The Allocation de solidarité aux personnes âgées (solidarity allowance for the elderly) (ASPA) is a French state pension for elderly people, whether former employees or not, on low incomes. It replaced the multiple components of the minimum pension (Minimum Vieillesse) from 1 January 2006. Existing recipients of the minimum pension are not automatically transferred to the ASPA, but may do so on request.

In its 2012 annual report, the Service d'Allocation de Solidarité aux Personnes Âgées (SASPA), managed by the Caisse des dépôts et consignations, counted 70,827 recipients of the ASPA on 31 December 2012 (against 71,490 in 2011).

==Eligibility==

To qualify for ASPA, the recipient must live in France or French territory, and meet age and financial need criteria.
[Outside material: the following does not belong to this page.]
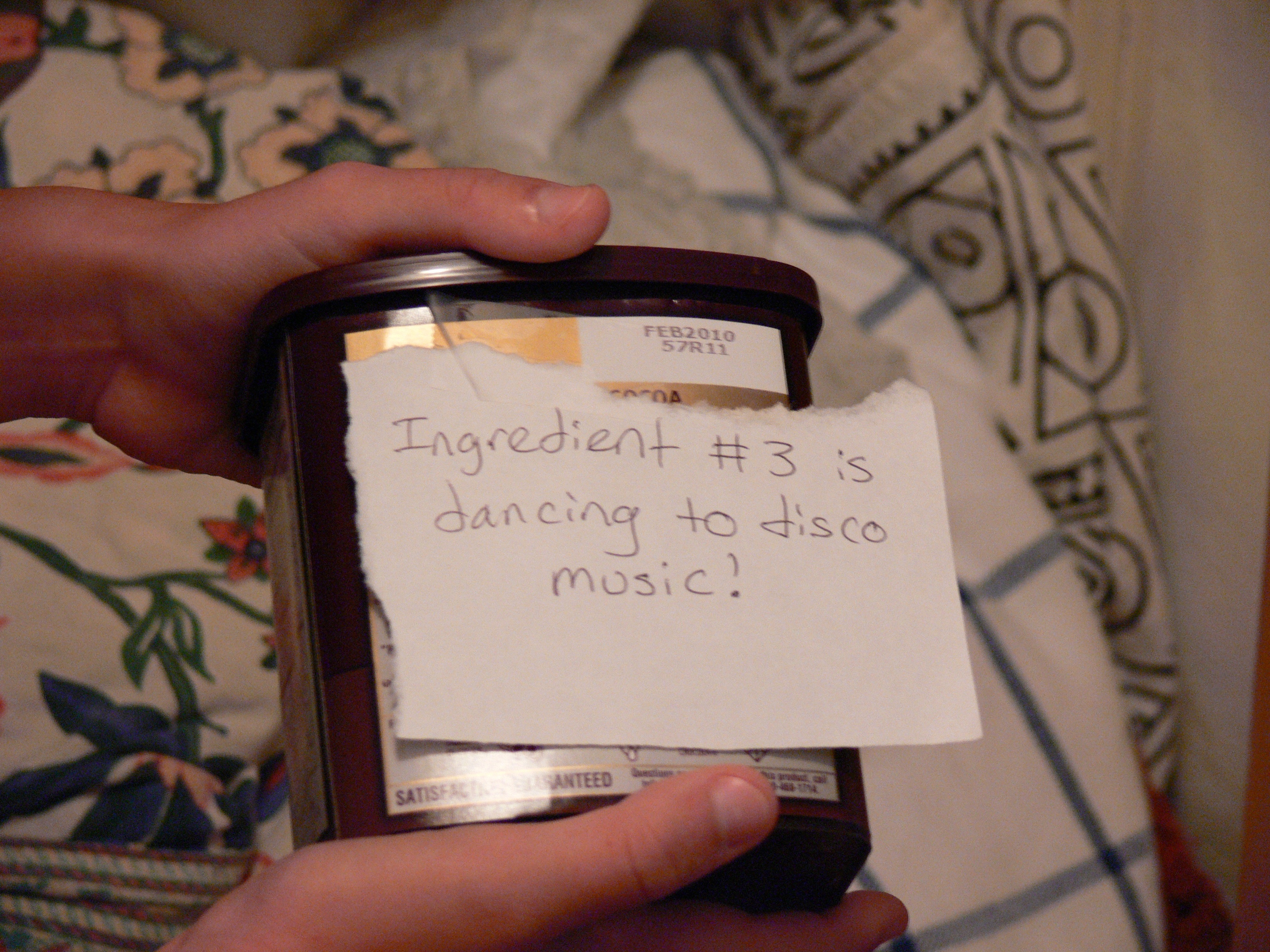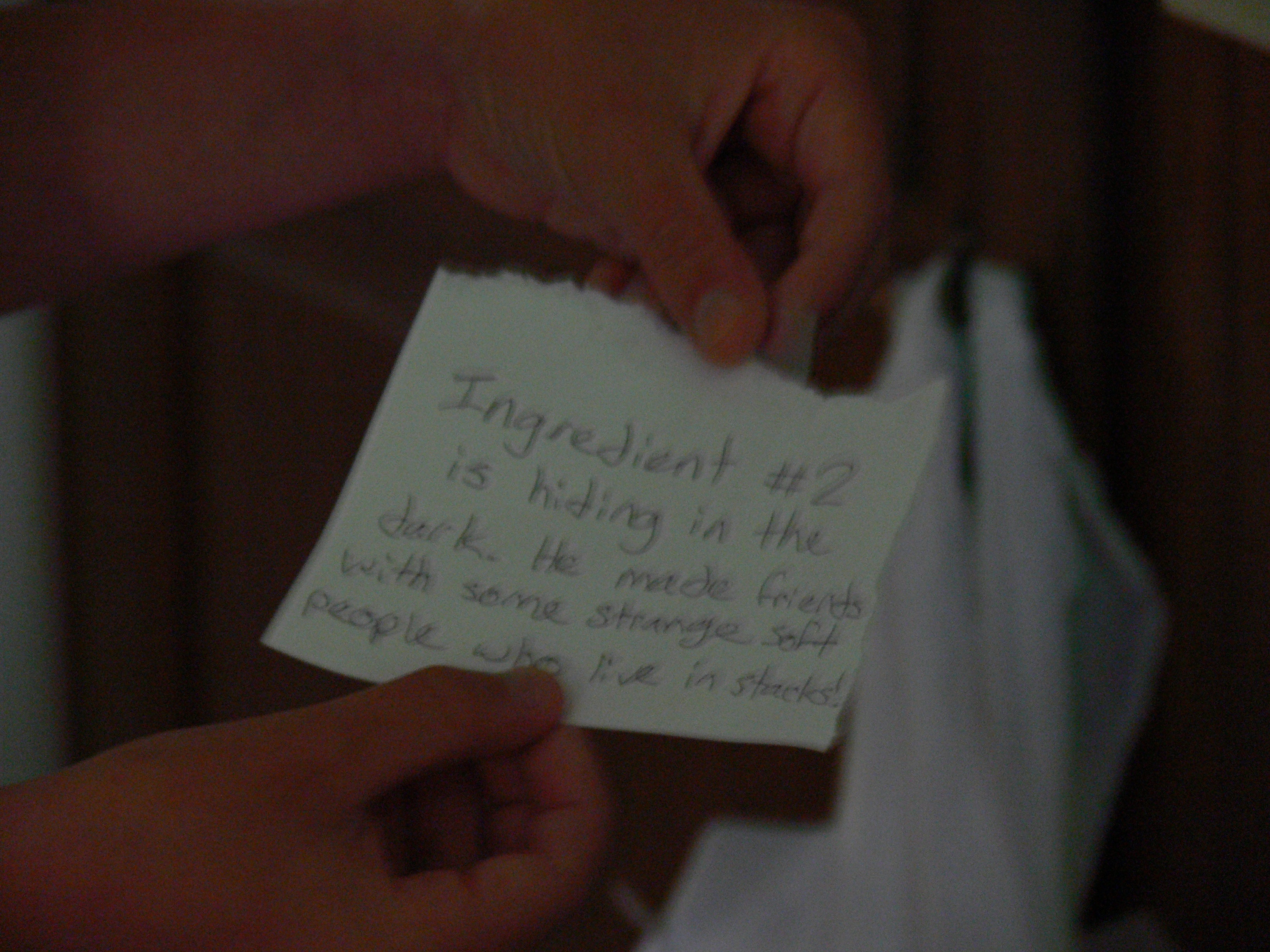 I started fiddling around and I decided it would be pretty cool if I hid the ingredients and had my family follow them to find the cake. But literally as I began hiding them, I realized that it would be a lot easier if they had some sort of riddle to help them find the next one.
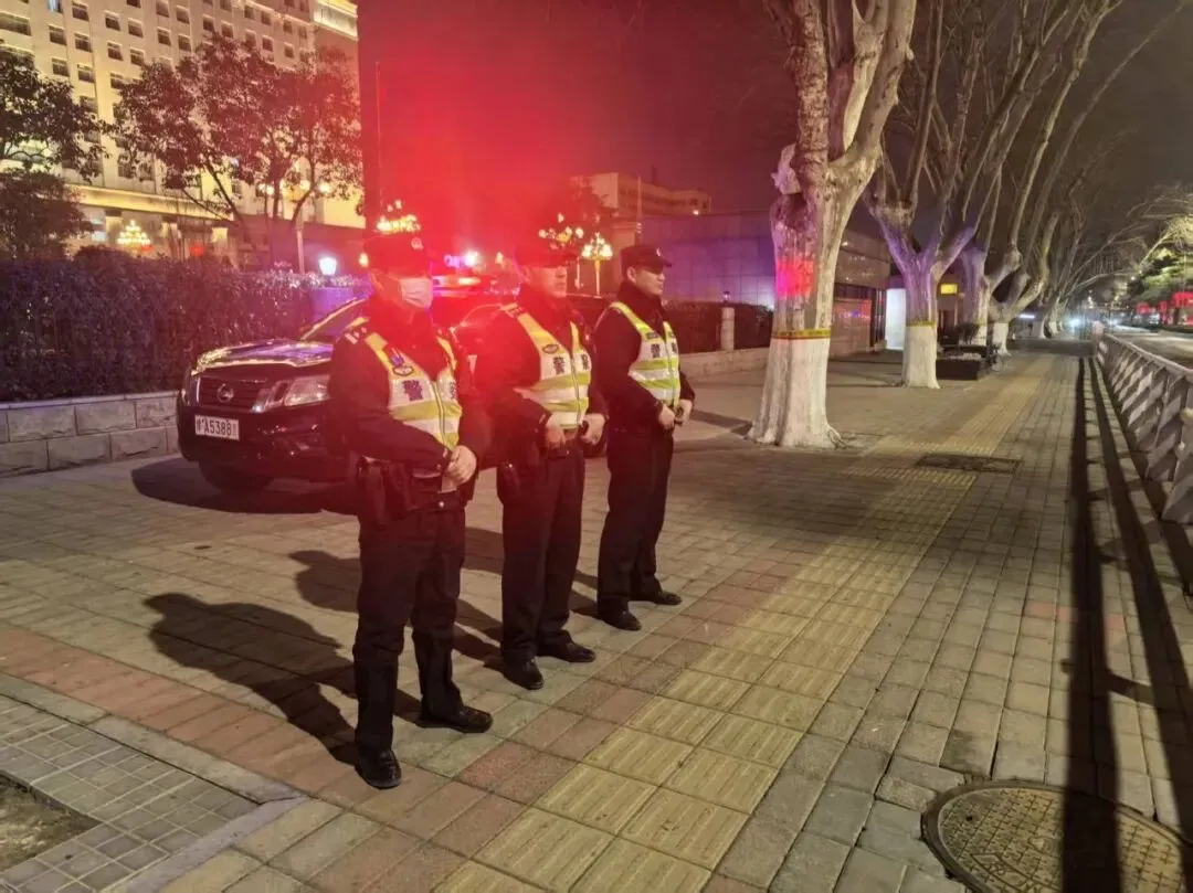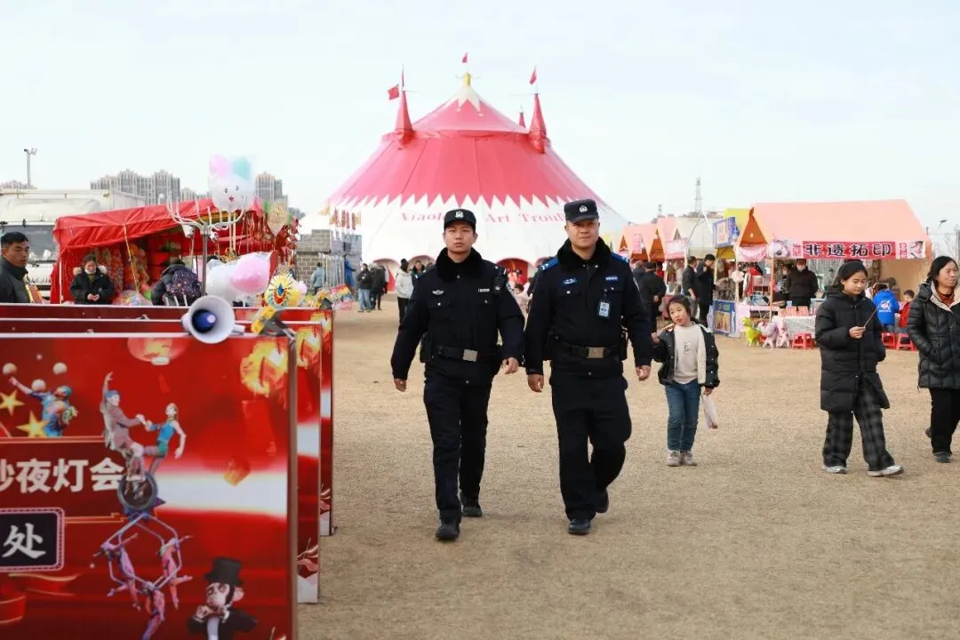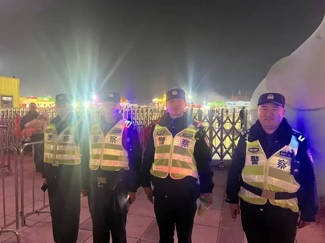 春节期间,西流湖派出所民辅警在辖区灯会开展巡逻工作。

===Lawful residence in France===

A French citizen must have their main residence on French territory. The allowance is suspended if the recipient moves to another country.
A foreign national must also meet at least one of these conditions:

- Have held for at least 10 years a residence permit allowing them to work;
- Have refugee status;
- Be stateless;
- Be eligible for protection subsidiaire (subsidiary protection, protection granted to persons who are not classed as refugees, but who still face specific threats in their own country);
- Have fought for France;
- Be a national of a member state of the European Economic Area or of Switzerland.

===Minimum age===

The recipient must be at least 65 years old, except in three special cases for which the criterion is reduced to the minimum legal age of retirement [5] :
- Be disabled by at least 50% and be recognized as permanently unfit for work;
- Be retired from work on the grounds of disability;
- Be a veteran or a prisoner of war.

===Financial need===

Assets taken into account include all earnings and property, pensions and disability and the disabled adult allowance (AAH). Family benefits, the allocation of social housing, and military pensions are not taken into account [6] . The annual income limit is adjusted on 1 April each year. [8] .

In 2020, the annual income limit is €10838.40 for a single person, and €16826.64 for a couple.

==Value==

The ASPA provides an income up to the annual income limit (currently €9,503.89 for a single person, and €14,755.32 for a couple), taking into account the above assets.
ASPA will be upgraded in 2014 as part of French pension reforms. The single person's annual income limit is expected to be increased to €9,600 in October 2014.

The ASPA is transferable and seizable in settlement of debts.

==Recovery==

ASPA is conceived of as an advance from the State rather than a grant, and payments can be reclaimed by the State after the person's death if their estate is worth more than €39,000. Reclaimed payments will not reduce the value of the estate to less than this amount. To prevent the recipient artificially reducing the value of their estate by making gifts or taking out life insurance, for example, these payments are included in the calculation of net assets.